By William Morin

Pictured: Will Morin
It can be hard to make sense of all the discussions and debates online and in print lately of cultural appropriation, in other words taking without permission. Who has the right to use/misuse the art of another culture? When appropriators are called out, do walls of justification go up? Is there a story to explain it away, or money to be made? If so, then nothing changes.
The theft of culture is what colonization did to Indigenous Peoples globally. Acculturation is what they sold us, and assimilation is what they imposed on us. Western societies dismissed, consumed, appropriated and misappropriated us as the norm.
The Indigenous ways of seeing the universe and our place in nature are complex, unique and the source of Indigenous art. Translating our art and culture is an ‘in-cultural’ responsibility that can not be co-opted or outsourced by ‘out-cultural’ individuals around them.
Here’s a question: “Who knows what a totem pole is?” Whatever you answer, most of you will get it wrong. Even though the cultural art and the carved poles are unique to the northwest coast of the Americans, the word ‘totem’ is not from a west coast Indigenous language.
Comparably, the capital city of Canada, Ottawa, actually comes from the Odawa, an Anishinaabe-speaking sister tribe of the Ojibway. So, the word ‘totem’ is also pronounced ‘dodem’ in Ojibway, which means ‘clan’.
Many Indigenous tribal groups have clan systems within their respective geography. As seen in drawings on ancient scrolls, the Ojibway animal clans are a complex pre-contact governing system aligned into a seven-pointed star codex.
This totem misnomer is a colonial hangover of our shared history. As an Anishinaabe artist and educator, decolonization seems the next course of action. I take it as my responsibility to do my part through my art, both as an anecdote and an antidote, in addressing this ongoing theft.
As my mom would say, “There is no word for art in Ojibway. It’s not what you do, it’s how you do it.” Ojibway scholar James Dumont says the Anishinaabek see the world from a 360 degree perspective, an all-inclusive view needed more now than ever before.
Over the years, Indigenous Peoples, primarily women, have challenged and “called out” the misuse and misrepresentation of Indigenous art and culture in mainstream media. Sadly, the issues have not received public recognition until a male Indigenous artist speaks up. So, as an Anishinaabe mizinbiige-nini, and Ojibway artist and man, I am listening, miinwaa miigwetch—thank you for being defenders of our culture, Mizinbiige Ogiichitaa Kwewok, image warrior women.
It is important to recognize that most Indigenous languages in the Americas are verb-based—action words in tune with the natural world, where words are animate, with spirit, alive, living; or in-animate, not living. One of my language teachers, Doris Boissineau baa, pointed out that our art is not without spiritual thought. “The drawing is not of ‘a bear’, it becomes ‘the bear’, with spirit, alive….”
Our art is spiritually sourced and needs cultural insiders to translate. Anything else is gibberish and disrespectful, misleading the culture stolen.

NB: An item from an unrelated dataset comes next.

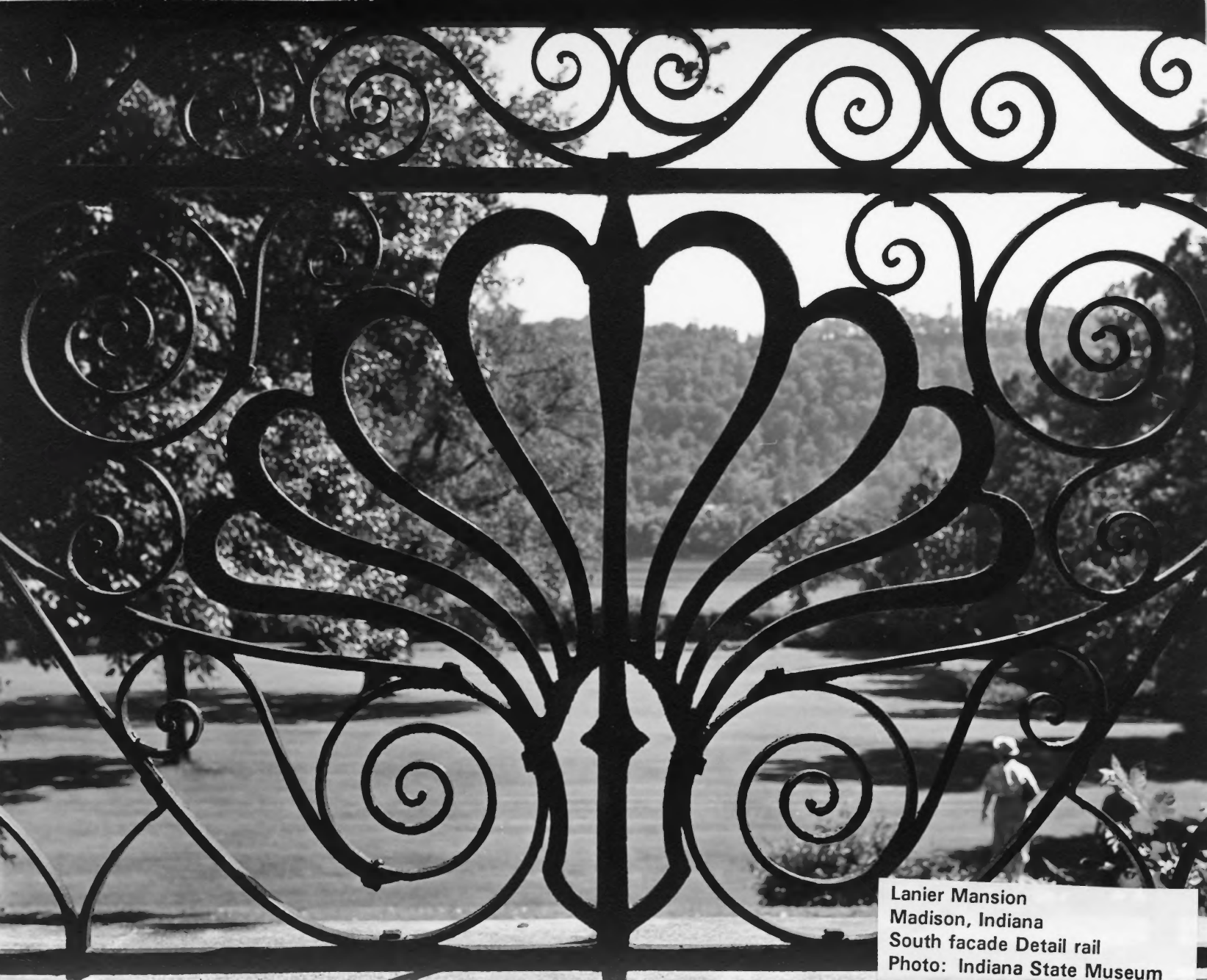
Lanier Mansion Madison, Indiana South facade Detail rail

The harm caused by cultural appropriation can lead to identity confusion, cultural distortion and spiritual damage of Indigenous Peoples. This alone should be enough to encourage ally artists, media outlets and institutions to work with Indigenous members in the long journey from decolonization to cultural revitalization in our shared history.
William Morin is an Ojibway Anishinaabe artist from Michipicoten Anishinaabek (Mishibikwedenong), Indigenous activist, and professor of Indigenous Studies at the University of Sudbury in Sudbury, Ontario, Canada.